The diet of Children's python consists of reptiles, birds, and small mammals, particularly microbats, which it catches by dangling from stalactites in caves, which they commonly inhabit, and snatching them out of the air as they fly past.

==Reproduction==
A. childreni is oviparous, with up to 25 eggs per clutch. Females brood their eggs through a seven-week incubation period by coiling around them and occasionally shivering to keep them warm, which also affords the eggs some protection from predators. Juveniles are heavily blotched, but gradually become reddish-brown or brown as they mature. The Stimson's variant often becomes more starkly contrasted by comparison as it matures depending on locality. Males in captivity have been seen to fight over females, suggesting these snakes will fight for mates in the wild. However, combat in wild individuals of this species has never been witnessed.

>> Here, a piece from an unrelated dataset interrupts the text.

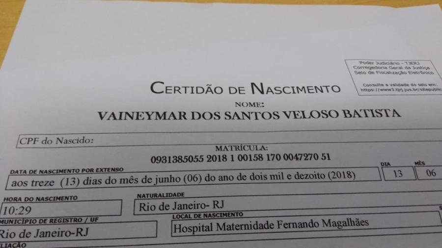 Quando Fernanda se ajeitou para conferir o papel, tomou um susto ao ver as letras garrafais que formavam o nome completo de seu rebento: “Vaineymar dos Santos Veloso Batista”, nascido “aos treze (13) dias do mês de junho (06) do ano de dois mil e dezoito (18)”.

When the males fight, they use their spurs to scratch their opponents, and will also strike and bite one another until one submits.

==Captivity==
Children's python is often kept as a pet worldwide due to its small size, docile temperament, strong feeding response, resiliency and easy captive care. It is often seen as a good beginner species for keeping reptiles, particularly snakes. High levels of hygiene will reduce the risk of disease transfer to pet owners. While not as popular or diverse in colours as ball pythons or other larger species, A. childreni can range in colour from albino and leucistic to ebony, melanistic, ghost, and piebald colour morphs to name a few. The varying colouration between individuals also makes it quite attractive to many who work with and breed exotic reptiles. In captivity, the members of this genus are very tolerant of differing humidity levels ranging from 20%-80% due to the wide range of habitats they occur in, and shedding problems that occur in captive animals are usually the result of temperatures being too high or low rather than problems with humidity. Antaresia species are also fairly easy to breed, though some individuals (mostly males) may refuse to eat when they are interested in mating. The lifespan of captive specimens has been known to exceed 30 years. Juveniles are fed baby, hairless mice, while larger individuals can be fed on adult mice or small rats. Feeding should occur roughly once a fortnight.